BBC Radio 3 Unwind is a British digital radio station, owned and operated by the BBC and run as a spin-off from BBC Radio 3. Launched in 2024, the station plays a wide range of wellbeing and meditation focused classical music both familiar and new, intertwined with voices and soundscapes.

The station broadcasts on DAB+ Digital Radio and BBC Sounds, having originally launched as a online only radio station on BBC Sounds on 4 November 2024 before later launching as a proper digital radio station using DAB+ on 9 September 2025.

==History and launch==
Reports in 2019 indicated that the BBC was considering launching 'spin-off stations' of its stations to gain more listeners. The first of these was Radio 1 Dance, confirmed by Jonathan Wall, controller of BBC Sounds, in February 2020.

This first 'stream' launched in October 2020. A further music stream launched on BBC Sounds in April 2021, Radio 1 Relax.

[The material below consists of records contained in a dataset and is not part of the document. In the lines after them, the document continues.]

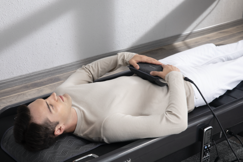 喜来健按摩床会在你躺下时,按规律挤压、推动肌肉,从而实现按摩的效果。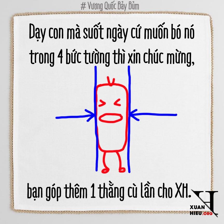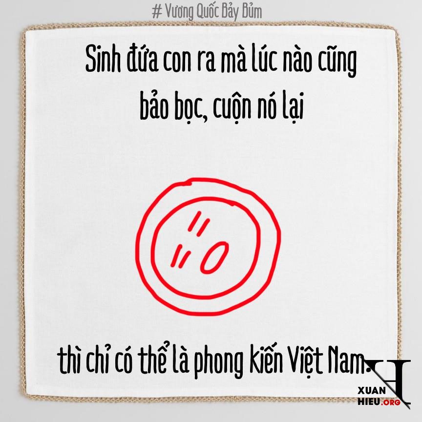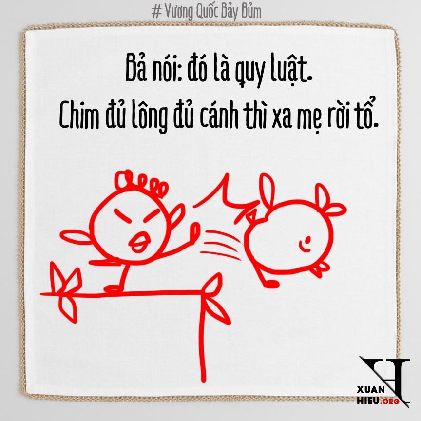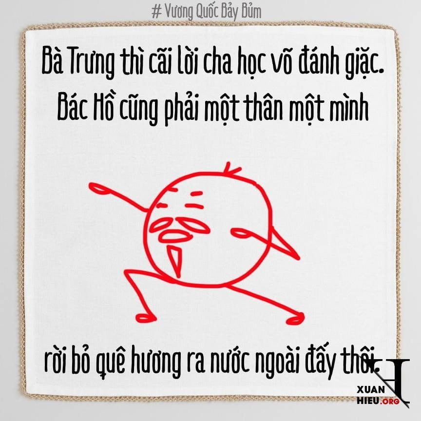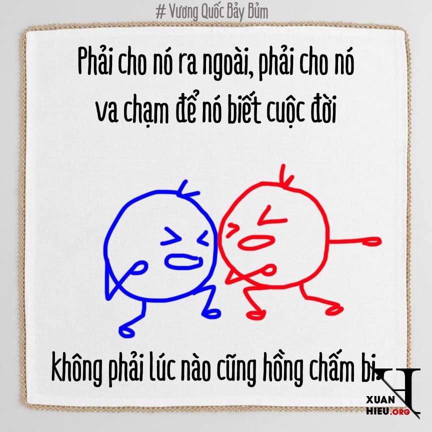 28. Muốn con thành vĩ nhân thì đừng bao bọc: “Sinh đứa con ra mà lúc nào cũng bảo bọc, cuộn nó lại thì chỉ có thể là Phong kiến Việt Nam, một chế độ tự giết chết con mình. Không tin m để ý, những danh nhân nổi tiếng trong lịch sử phong kiến toàn là bứt gia phong ra để tìm lối đi riêng. Bà trưng thì cãi lời cha học võ đánh giặc, hay Bác Hồ cũng phải một thân một mình bôn ba đi ra nước ngoài tìm đường cứu nước đấy thôi. Dạy con mà suốt ngày cứ muốn bó nó trong 4 bức tường thì chúc mừng, bạn đã đào tạo ra thêm 1 thằng vô dụng nữa cho xã hội. Phải cho nó ra ngoài, phải cho nó va chạm để nó biết cuộc đời không phải lúc nào cũng màu hồng chấm bi.”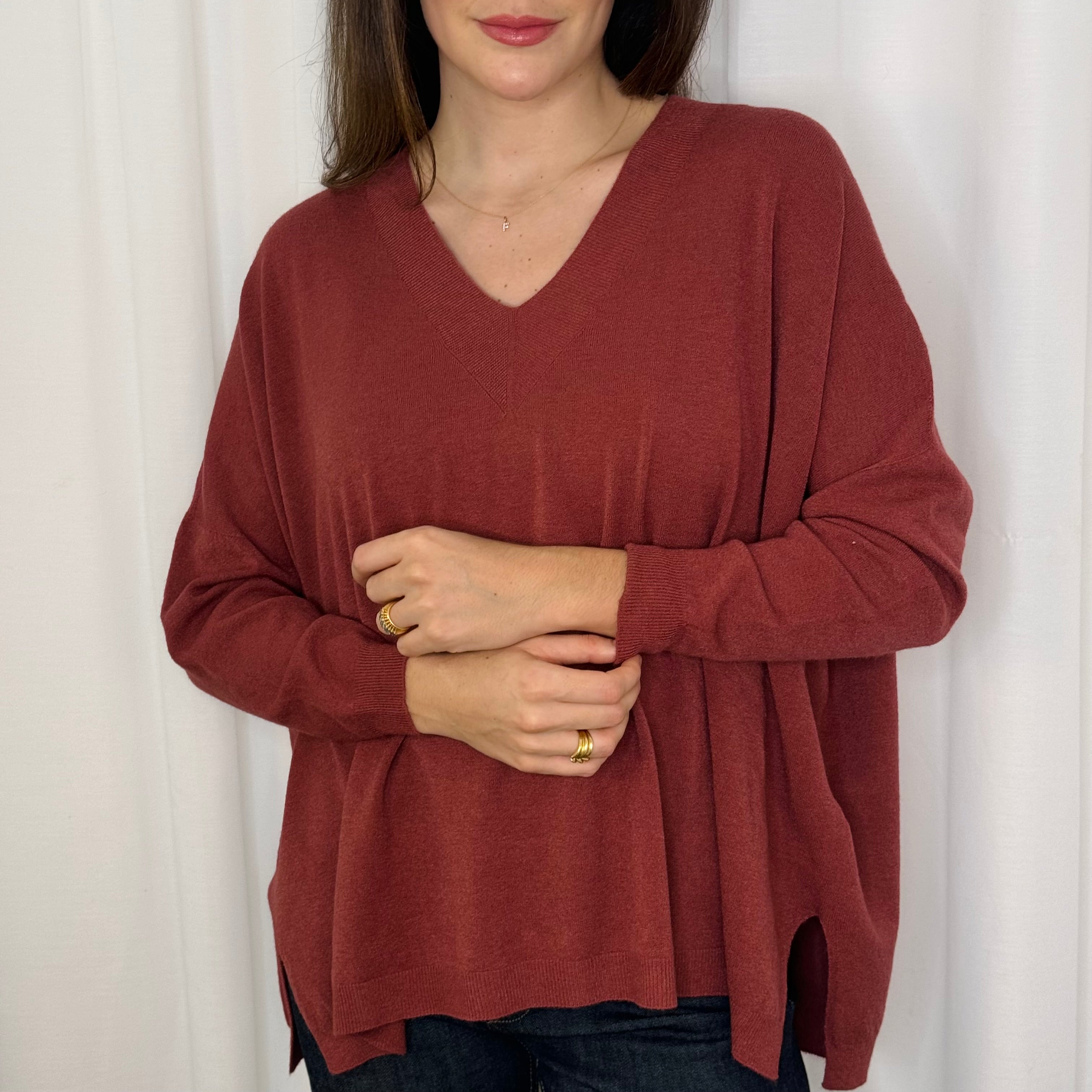 Camisola em decote bico. Modelo largo com racha lateral. Pormenor canelado na gola. Manga comprida.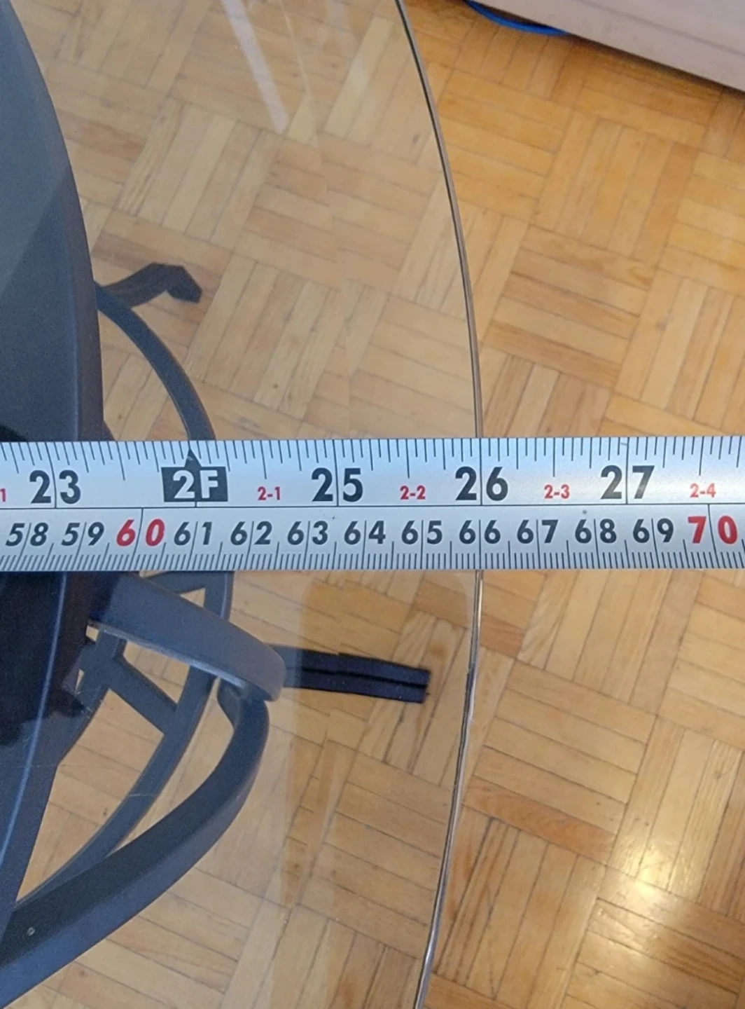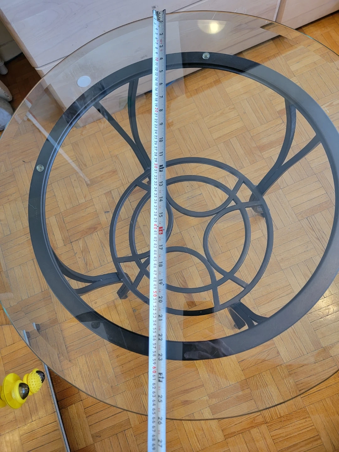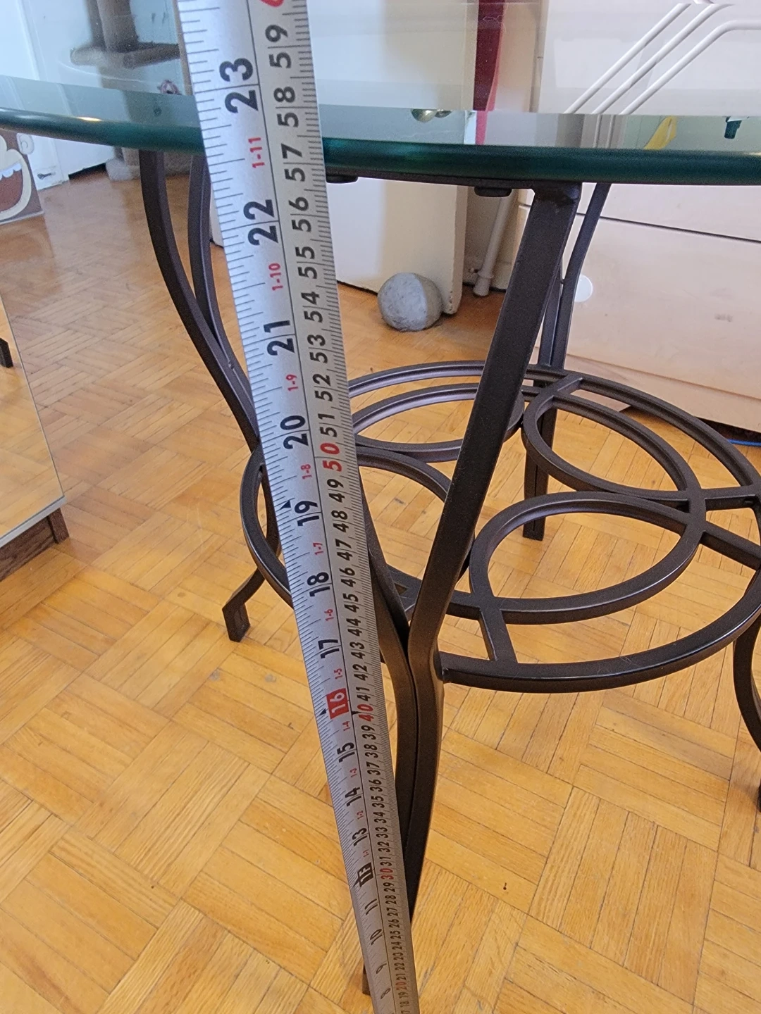 It's roughly 26 inches (66cm) in diameter and stands about 22 inches (57.5cm) tall. The metal base provides sturdy support for the glass surface.

Radio 1 Relax closed on 24 July 2024.

=== Launch on BBC Sounds ===

In February 2024, the BBC announced plans to launch three new spin-offs, pending public consultation and regulatory approval: one from Radio 1 for “music from the 2000s and 2010s, catering to the appetite from young audiences for recent nostalgia”; one from Radio 2, with “a distinctive take on pop nostalgia’ from the 50s, 60s and 70s”; and one from Radio 3 for “calming classical music”. In addition, Radio 1 Dance would launch on DAB with expanded programming.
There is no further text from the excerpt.